It is configured to repeat the increase and decrease between m and 10 sccm. In this embodiment, the time for supplying O ₂ at a high flow rate, for example, 10 sccm, into the gas diffusion chamber 130 is several milliseconds to several tens of milliseconds, for example, 5 milliseconds to 10 milliseconds.
It is set to m seconds. In contrast, the gas diffusion chamber 13
The time for supplying O ₂ at a low flow rate within 0, for example, 5 sccm, is set longer than the time for supplying O ₂ at a high flow rate.

The present embodiment is configured as described above, and the amount of O ₂ added to the processing gas is increased or decreased in a predetermined cycle, so that the processing gas does not always contain a large amount of O _2. . As a result, the contact hole 204 having a predetermined high aspect ratio can be formed without generating an etch stop while maintaining the pattern formed in the photoresist film layer 206 in the initial state. Also,
Since O ₂ is added to the processing gas before and after the plasma generation, the processing can be performed under substantially the same conditions as in the conventional processing process. Furthermore, since O ₂ is constantly added to the processing gas during processing, the occurrence of etch stop can be more reliably prevented.

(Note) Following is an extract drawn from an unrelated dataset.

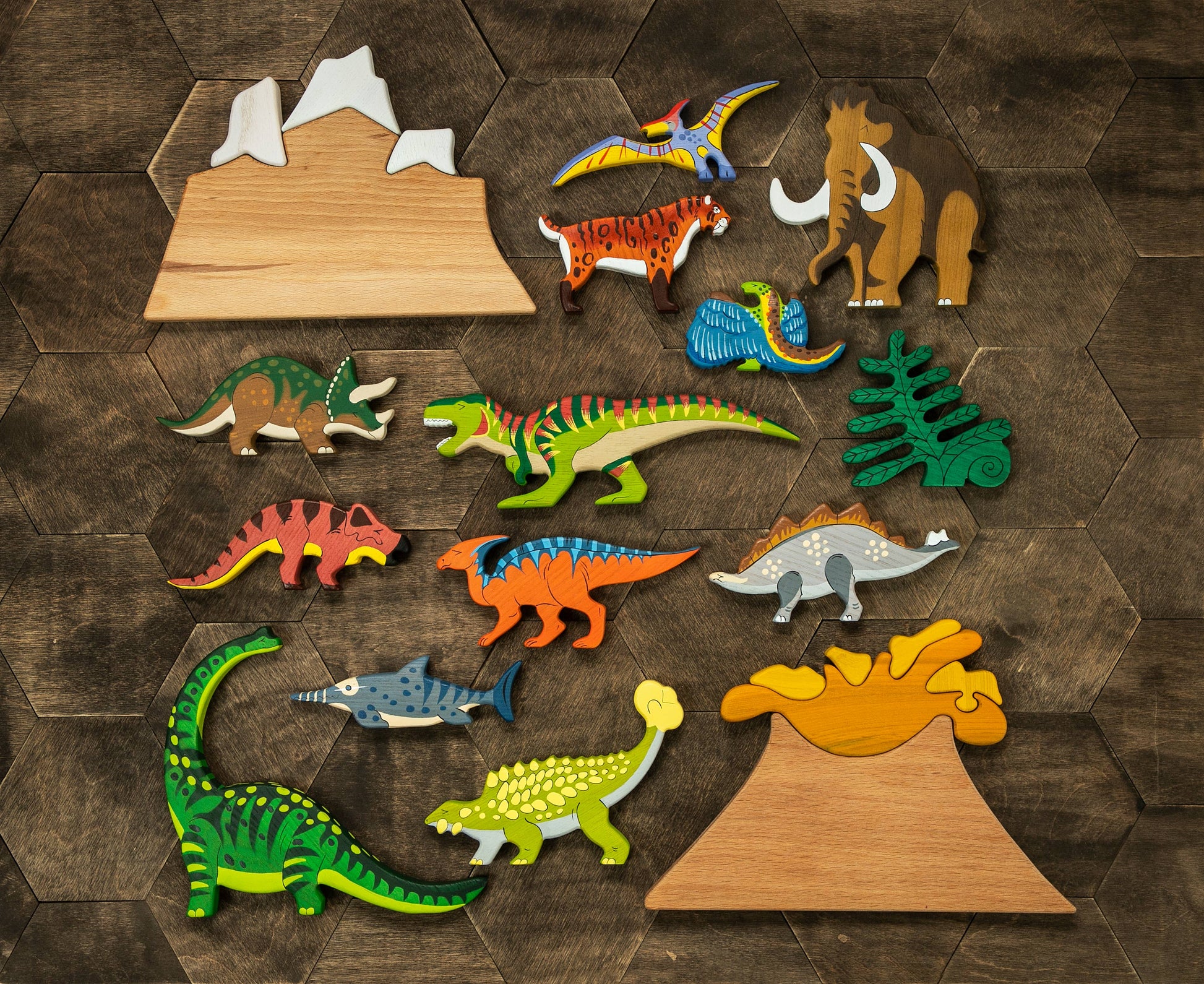 Volcano Wooden Puzzle toy Dinosaurs Playset

(Third Embodiment) Next, an etching method according to a third embodiment will be described. Note that the present embodiment is different from the first and second embodiments in that the addition amount of O ₂ is adjusted according to the change in the plasma component corresponding to the change in the aspect ratio of the contact hole 204.

(1) Overall Configuration of Etching Apparatus First, an etching apparatus 300 to which the etching method of the present embodiment is applied will be described with reference to FIG. Note that components having substantially the same functions and configurations as those of the above-described etching apparatus 100 are denoted by the same reference numerals, and redundant description will be omitted. An analyzer 302 that measures a change in plasma component in the processing chamber 102 by, for example, infrared laser absorption spectroscopy (IR-LAS) is connected to the controller 156 of the etching apparatus 300 shown in FIG. The analyzer 302 transmits an infrared laser beam, which is output from a light source (not shown) and passes through the plasma generated in the processing chamber 102, to a light-transmissive detection window 304 provided on the side wall of the processing chamber 102. It is arranged so that it is inputted to the light receiving section of the spectroscope 302 through the through hole 306 provided in the magnet 122.

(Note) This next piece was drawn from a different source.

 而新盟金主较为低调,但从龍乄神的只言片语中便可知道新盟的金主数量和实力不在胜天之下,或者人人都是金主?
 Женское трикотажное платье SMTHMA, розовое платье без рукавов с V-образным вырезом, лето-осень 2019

(2) Relationship between Change in Aspect Ratio of Contact Hole and Change in Plasma Component Next, referring to FIGS. 6 and 7, the relationship between change in the aspect ratio of the contact hole 204 and change in plasma component will be described. Will be described. C ₄ F without O ₂ added
₈ and the processing gas composed of CO and Ar
When the etching process is performed on the iO ₂ film layer 202, FIG.
As shown in FIG. 3A, when a predetermined etching time has elapsed, that is, when the aspect ratio of the contact hole 204 formed in the SiO ₂ film layer 202 has exceeded a predetermined size, the etching rate decreases, and finally the etching rate decreases. Stops progressing.

At this time, as shown in FIG. 6, in the section (A) where a substantially constant etching rate is secured,
A contact hole 204 of a so-called μ-trench shown in FIG. 7A is formed in the O ₂ film layer 202. In the section (B) where the etching proceeds and the etching rate decreases,
The etching state of the SiO ₂ film layer 202 becomes unstable, and the bottom of the contact hole 204 becomes uneven as shown in FIG. 7B. Further, in the section (C) where the etching rate becomes substantially zero, as shown in FIG.
08 and the sediment 212 (hereinafter referred to as “reaction products 208, 2
12 ". ) Is deposited and the contact hole 20
4 Etch stop occurs due to the charging phenomenon of the inner side wall.

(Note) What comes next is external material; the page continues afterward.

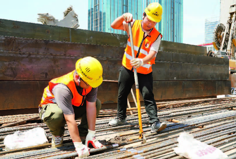 随着上海气温不断攀升,项目工地也启动了“两头班”模式,实行早开工、早收工,避开太阳最火辣的时间段。可即便避开了高温时间段,露天环境下,需要作业的钢筋被烤得滚烫。在现场可以看到张洪滔熟练地操作着工具钳,精准旋紧钢筋连接套筒,热汗从他脸颊上淌下,隔着橡胶手套的双手被烫得通红。

Next, the etching time (aspect ratio) and the reaction products 208 and 2 at the bottom of the contact hole 204 are determined.
Focusing on the relationship with the accumulation amount of No. 12, FIG.
As shown in FIG. 7, the reaction products 208 and 212 are deposited on the bottom of the contact hole 204 from the initial stage of etching, that is, the stage with a small aspect ratio. A predetermined etching is performed as shown in a). In addition, reaction products and the like 20
FIG. 7 shows that the accumulation amount in the section (B) is 8,212.
It affects the etching as shown in FIG. Further, when the deposition amount in the section (C), that is, the etch stop boundary amount at the boundary between the section (B) and the section (C), is exceeded, an etch stop is caused as shown in FIG.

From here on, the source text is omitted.